##### Available data #####

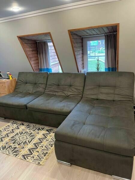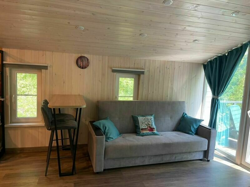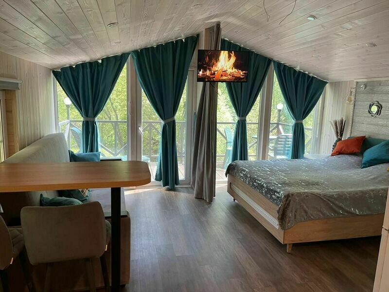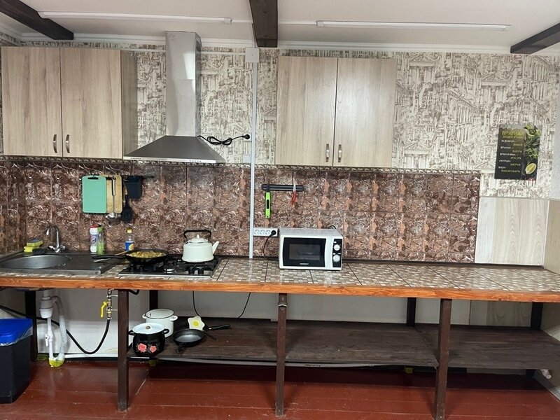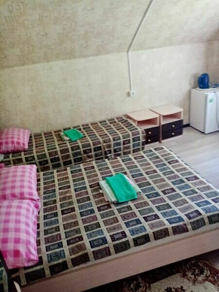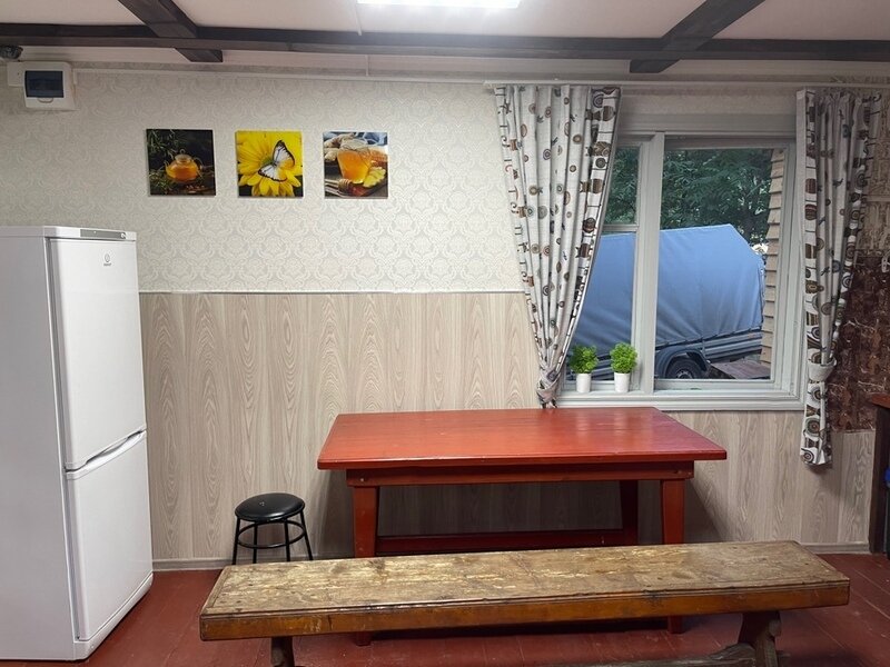 Благоустроенный трехкомнатный номер на двух этажах с кухней, санузлом и двумя телевизорами. В доме есть отопление, холодильник, вся необходимая посуда, плита, чайник, микроволновая печь, вытяжка. Подходит для комфортного отдыха с детьми или компанией.
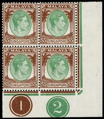 1948 $5 green and brown lower right corner block of four with Plate 1-2, unmounted o.g. SG 15, £480
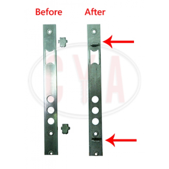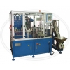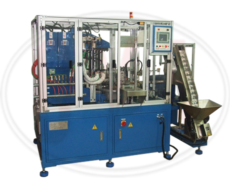 Lock plate welding machines weld the mounting tabs to the front face plate of a mortise lock housing. A vibratory feeder bowl automatically loads the plates and the tabs. The welded assemblies are automatically unloaded to a chute. The machine is fully automatic to feed front plates and attached plates. The small plates are fed by 1 set of elevator feeder, bowl feeder and linear track while the front plates are fed by magazine stacker on the separate stations. The 3 parts (1 front plate+2 small plates) will be loaded precisely in position on the round index and welded on the welding station. The welded parts unload automatically to the chute.
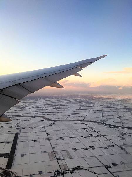 北海道因位於高緯度地區,冬天太陽很早就下山了!飛機降落前,窗外的農地已是白茫茫一片,當時明明才下午3點多,但太陽早已西下,很像在台灣下午5-6點的樣子。大概在4點後沒多久,天空就會漸漸變暗!
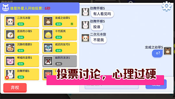 3、充满紧张刺激感的对局模式,在此模式中,外星人需设法隐瞒事件真相,而小动物们的任务是准确揪出真正的凶手。
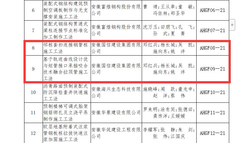 3月15日,安徽省住房和城乡建设厅发布了安徽省2021年度省级工法名单,由国信集团编制申报的《邻桩套扣连接钢管桩施工工法》《基于轨迹曲线设计优与短管接口承插咬合技术融合拉顶管施工工法》被省住建厅审定为安徽省2021年度省级工法。两项工法均是公司总结多年实践经验而成,经多个工程项目运用取得了较好的经济效益和社会效益。
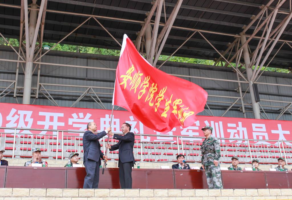 开学典礼结束后,军训动员大会在热烈的掌声中拉开了帷幕。陈云坤宣读了《安顺学院2020级学生军训团干部任命》。罗荣彬向军训团授旗。
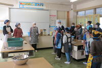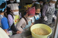本日、3.4年生が味噌づくりを体験しました。講師は、地域にお住いの秋山さんと白旗さんです。市の農政課にお世話になり、味噌づくり体験が実現しました。今日は、3人の保護者の皆さんもお手伝いに来てくださいました。
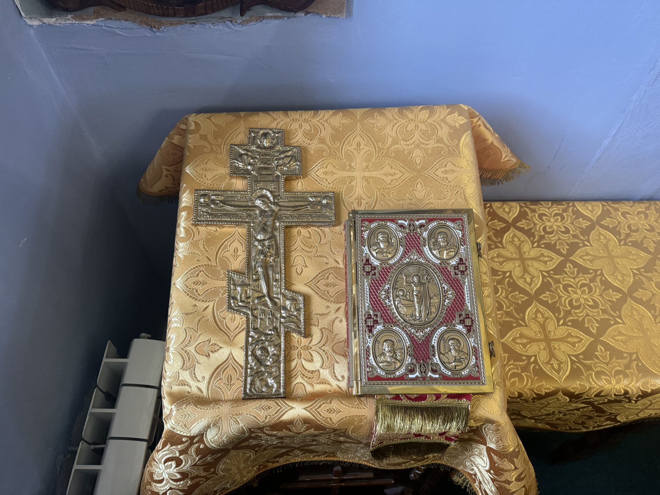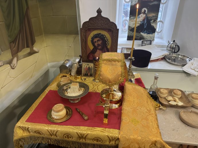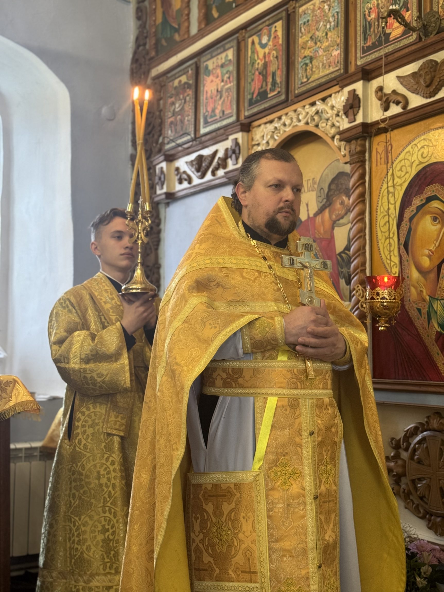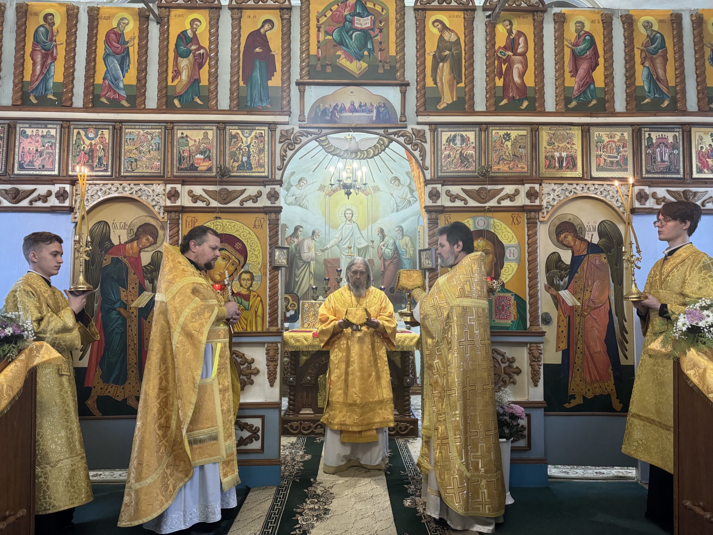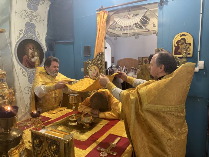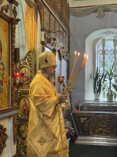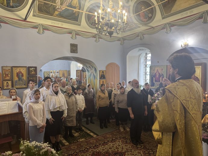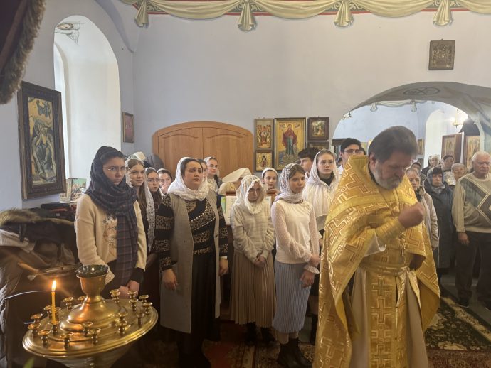 На сугубой ектении вознесены молитвы о благопоспешении христолюбивому Российскому воинству в установлении мира в сию лихую годину, на Святую Русь нашедшую, о мире на Украине, а также о сохранении единства святого Православия.

#####

Task
With the pictures set aside, return each line of the listing exactly as given.

Reply
 Благоустроенный трехкомнатный номер на двух этажах с кухней, санузлом и двумя телевизорами. В доме есть отопление, холодильник, вся необходимая посуда, плита, чайник, микроволновая печь, вытяжка. Подходит для комфортного отдыха с детьми или компанией.
 1948 $5 green and brown lower right corner block of four with Plate 1-2, unmounted o.g. SG 15, £480
 Lock plate welding machines weld the mounting tabs to the front face plate of a mortise lock housing. A vibratory feeder bowl automatically loads the plates and the tabs. The welded assemblies are automatically unloaded to a chute. The machine is fully automatic to feed front plates and attached plates. The small plates are fed by 1 set of elevator feeder, bowl feeder and linear track while the front plates are fed by magazine stacker on the separate stations. The 3 parts (1 front plate+2 small plates) will be loaded precisely in position on the round index and welded on the welding station. The welded parts unload automatically to the chute.
 北海道因位於高緯度地區,冬天太陽很早就下山了!飛機降落前,窗外的農地已是白茫茫一片,當時明明才下午3點多,但太陽早已西下,很像在台灣下午5-6點的樣子。大概在4點後沒多久,天空就會漸漸變暗!
 3、充满紧张刺激感的对局模式,在此模式中,外星人需设法隐瞒事件真相,而小动物们的任务是准确揪出真正的凶手。
 3月15日,安徽省住房和城乡建设厅发布了安徽省2021年度省级工法名单,由国信集团编制申报的《邻桩套扣连接钢管桩施工工法》《基于轨迹曲线设计优与短管接口承插咬合技术融合拉顶管施工工法》被省住建厅审定为安徽省2021年度省级工法。两项工法均是公司总结多年实践经验而成,经多个工程项目运用取得了较好的经济效益和社会效益。
 开学典礼结束后,军训动员大会在热烈的掌声中拉开了帷幕。陈云坤宣读了《安顺学院2020级学生军训团干部任命》。罗荣彬向军训团授旗。
本日、3.4年生が味噌づくりを体験しました。講師は、地域にお住いの秋山さんと白旗さんです。市の農政課にお世話になり、味噌づくり体験が実現しました。今日は、3人の保護者の皆さんもお手伝いに来てくださいました。
 На сугубой ектении вознесены молитвы о благопоспешении христолюбивому Российскому воинству в установлении мира в сию лихую годину, на Святую Русь нашедшую, о мире на Украине, а также о сохранении единства святого Православия.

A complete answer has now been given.